Resolving South Asian Orthographic Indeterminacy In Colonial-Era Archives

Amardeep Singh (amsp@lehigh.edu), Lehigh University, United States of America

One of the challenges of doing archival research with respect to colonial-era Indian print archives is orthography. A substantial number of Indian newspapers produced under have now been digitized, and are accessible through services such as Readex’s “South Asian Newspapers” archive, the Digital Library of India, the Panjab Digital Library, and others.

Within the English-language archive, the searchability of these archives is limited, in large part due to idiosyncratic choices made by editors and authors in rendering words from South Asian languages in Roman script. Thus, the pioneering feminist doctor whose name is usually rendered as “Rukhmabai” by present-day scholars was quite often represented as “Rukmabai,” “Rukmibai” and “Rukhmibai” in English-language newspapers from the British colonial era. The Roman rendering of Bengali-language names such as “Chatterjee” and “Tagore” also have similar indeterminacy (Chatterjee could be rendered in Indian print archives as “Chatterji,” “Chaterjee,” or “Chattopadhyay”; “Tagore” could be “Thakur”).

The orthographic indeterminacies also proliferate beyond how authors’ names are rendered; indeed, we see the issue occurring with reference especially to the representation of South Asian vowel forms (“i” vs “ee”; “u” vs. “oo”), aspirated consonants (“d vs” “dh”; “t” vs “th”; “b” vs. “bh”), and labials (“b” vs. “v”). Given that these archives tend to have simple search features that do not feature intelligent spelling correction, searching for topics of historical interest (“sati” or “satee” or “suttee”?) can lead to highly incomplete results.

Finally, orthographic indeterminacy can be an issue within and across South Asian languages themselves. “V” sounds in the Punjabi language, for instance, are frequently pronounced and spelled with “b” or “bh” in Hindi.
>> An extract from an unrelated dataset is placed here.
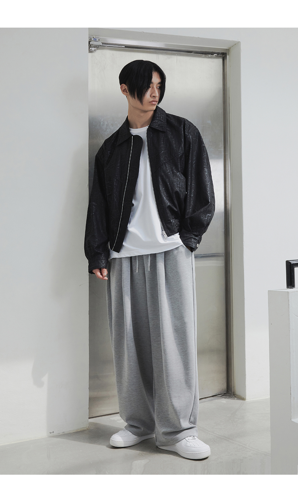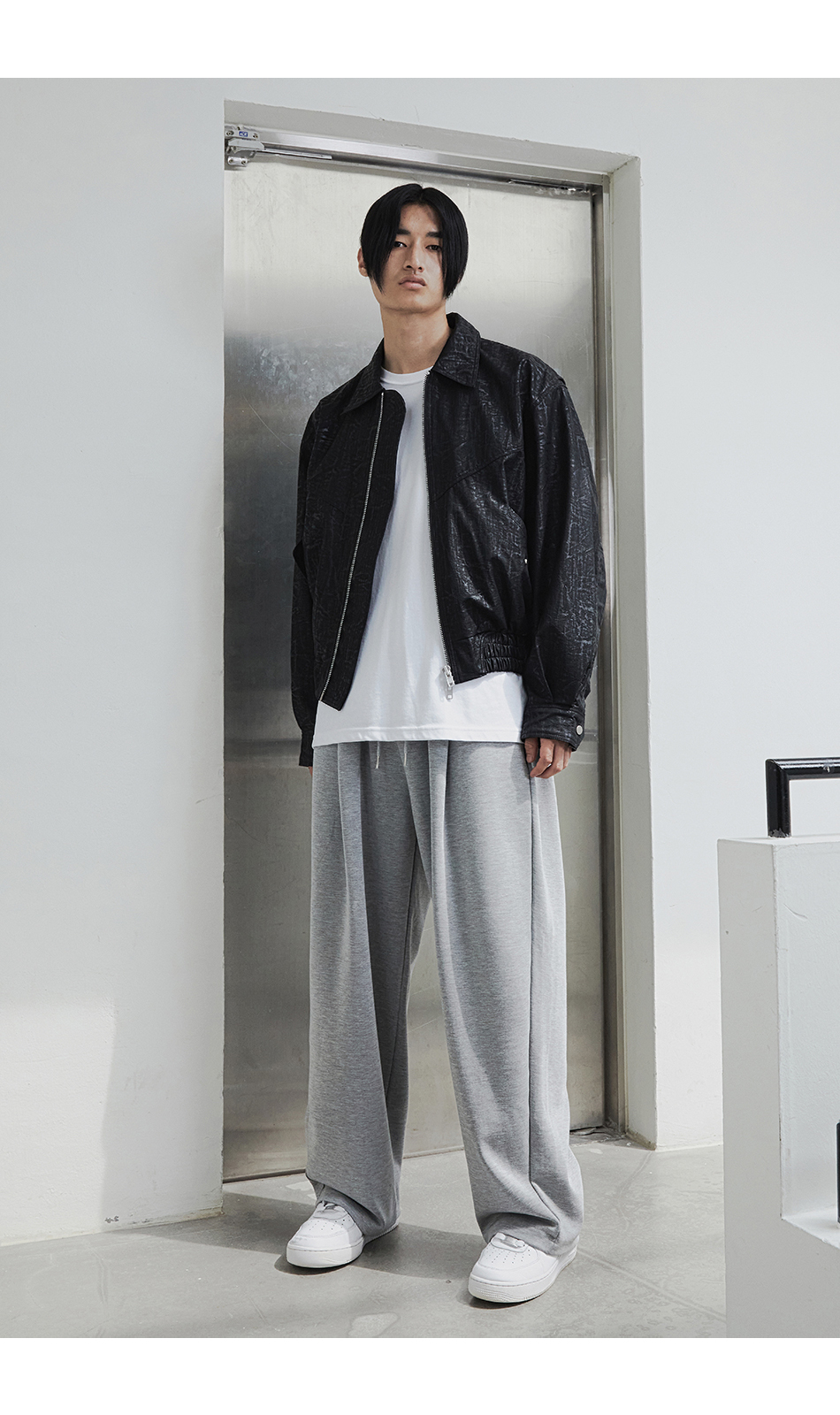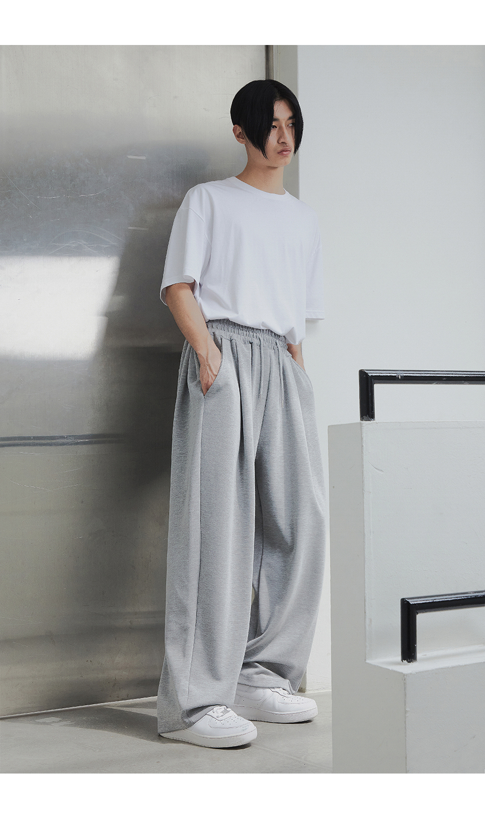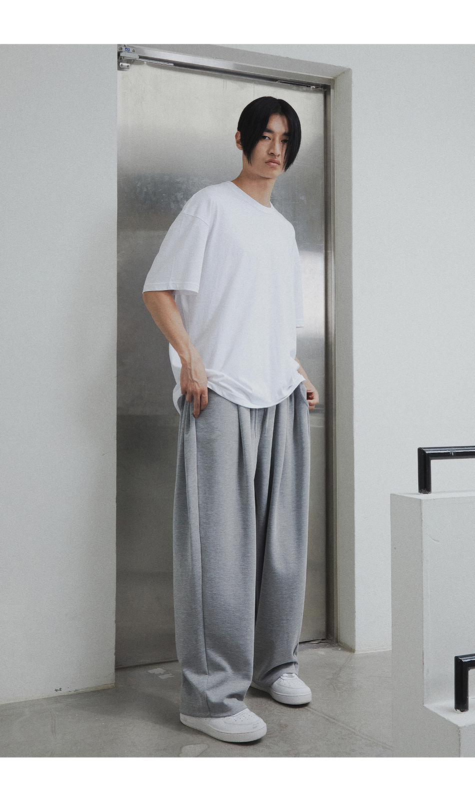 [여름 or 기모 or 사계절 원단 선택] 원턱 와이드 스웨트팬츠 그레이

The “ā” vowel sound common in many north Indian languages is rendered as “ɒ” (that is to say, a soft “o” sound) in Bengali.

A possible solution to the South Asian orthographic indeterminacy problem might be found by appropriating tools developed by digital humanists in Early Modern studies. A team at Newcastle University, led by pioneering DH scholar Hugh Craig, has developed a tool called Corella, which is designed to help resolve orthographic indeterminacies in early modern English corpora (Craig 2010). Here, we propose to use a limited corpus from an existing archive of texts by British authors in India (the Kipling family) as well as a series of Indian authors (the afore-mentioned Rukhmabai as well as several others). We will aim to train Craig’s Corella tool to work with Indian languages rather than with early modern orthography. This will allow us to address linguistic indeterminacies in the Roman rendering of Indian languages along the lines of those mentioned above. Can the searchability of these archives be improved via the use of such tools? What are the prospects of training tools such as Corella to work with larger corpora?


Appendix A

Bibliography
  1. Hugh Craig, R. Whipp, “Old spellings, new methods: automated procedures for indeterminate linguistic data.”
    Literary and Linguistic Computing, Volume 25, Issue 1, 1 April 2010, Pages 37–52.